The country may also witness another round of scarcity of Premium Motor Spirit (PMS) this week because government and the Petroleum and Natural Gas Senior Staff Association of Nigeria (PENGASSAN) are yet to reach agreement on how to resolve the ongoing strike by oil workers. Consequently, the union has stopped lifting of petroleum products from all its depots nationwide.
The Federal Government had, in January this year, officially ended the controversy on subsidy for kerosene by raising the price from N50 per litre to N83.
According to the last revised template of the Petroleum Products Pricing Regulatory Agency (PPPRA), the landing cost of the product is N57.98 per litre, while the total margin due for middlemen was put at N14.30.
Further breakdown of the total margins showed that retailers’ margin was N5 per litre; transporters, N3.05; dealers, N1.95; bridging fund, N5.85 per litre; Marine Transport Average, N0.15 and admin charges, N0.15. The PPPRA put official ex-depot price — which is the price depot owners would sell to marketers — at N68.70 per litre; official ex-depot price for collection, N73 per litre; while ex-coastal price was N68.02 per litre.
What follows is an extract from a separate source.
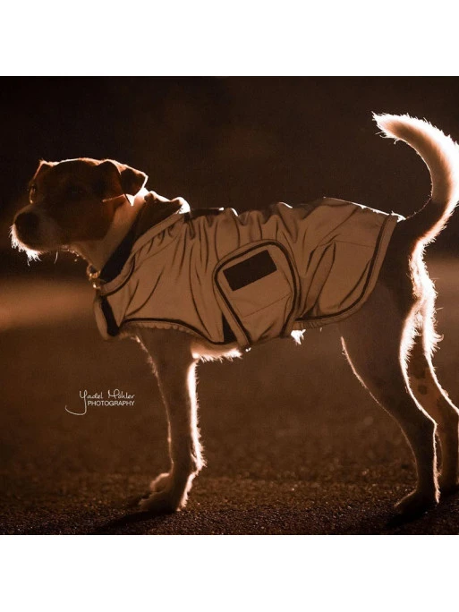 Cette couverture réfléchit la lumière pour rendre visible votre compagnon à 4 pattes et assurer sa sécurité.

Kerosene has become so scarce and expensive because some marketers divert it to aviation operators who find it cheaper than jet fuel (Jet A1) used to power airplanes.
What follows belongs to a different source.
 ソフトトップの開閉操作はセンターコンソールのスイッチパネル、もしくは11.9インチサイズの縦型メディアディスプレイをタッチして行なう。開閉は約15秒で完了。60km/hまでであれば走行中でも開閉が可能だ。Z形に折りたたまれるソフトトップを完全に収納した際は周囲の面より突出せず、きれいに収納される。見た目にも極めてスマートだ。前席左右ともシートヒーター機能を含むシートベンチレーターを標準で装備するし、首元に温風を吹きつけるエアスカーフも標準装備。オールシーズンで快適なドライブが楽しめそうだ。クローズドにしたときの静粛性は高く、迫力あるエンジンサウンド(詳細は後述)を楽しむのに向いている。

The substitution of aviation fuel with kerosene has become an industry norm and it is not hidden from stakeholders.
Also, diesel has become expensive following inability of marketers to import the product due to scarcity of foreign exchange.
A marketer told The Guardian that many depots in Apapa had run out of diesel.
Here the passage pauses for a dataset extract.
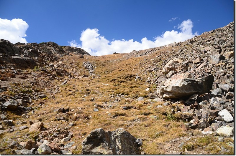 11:32 抵達Chihuahua Lake最後陡攀路段,小徑是在岩石坡間陡升,不太好走;此處海拔約11,982呎/3,612公尺,距登山口約3.4哩。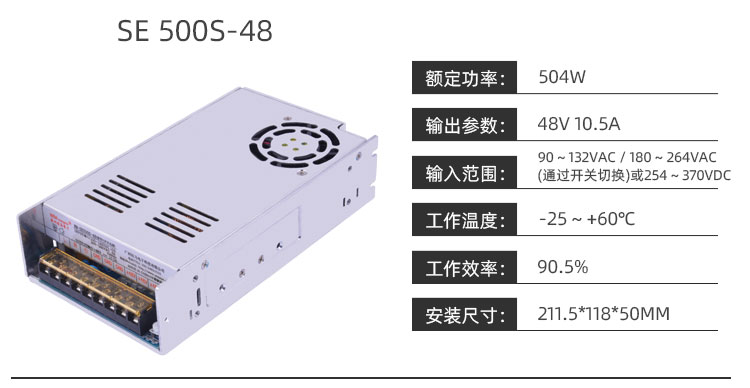 大功率定制款:提供500W高功率輸出,支持48V/10.5A工業(yè)電源定制服務(wù),可滿足高負(fù)載需求。

Another marketer explained: “The diesel market is deregulated, which allows marketers to sell the product at a competitive price. Any marketer selling the product at above N200 may have also paid high prices at the depots.”
Many filling stations visited in Lagos yesterday did not have kerosene and diesel. A few filling stations that had the products were selling them at cut-throat prices — ranging from N200 to N250 per litre.
PENGASSAN, while giving update on its strike, said there was total compliance in government agencies, as workers stayed away from their offices. Offices of the PPPRA, Nigeria Nuclear Regulatory Agency (NNRA), Pipelines and Products Marketing Company (PPMC) and the Petroleum Equalisation Fund (PEFMB) were locked.
PENGASSAN said the strike action was not only about the members of the association but the survival of the oil and gas industry in Nigeria.
Its National Public Relations Officer, Comrade Emmanuel Ojugbana, said, “The inability of the government to fund the Joint Venture (JV) operations and settle cash call arrears has denied the country of new investments, while the existing operations and activities are being stalled. This has resulted in lack of new job opportunities, while our members, who have been in employments, are losing their jobs because their employers could not meet salary obligations to them.”
According to Ojugbana, “the Union demands immediate action of government to address these cash call arrears to avoid imminent collapse of the industry. The government must provide feasible guidelines to clear all outstanding payments and evolve a pragmatic system of funding the joint operations.”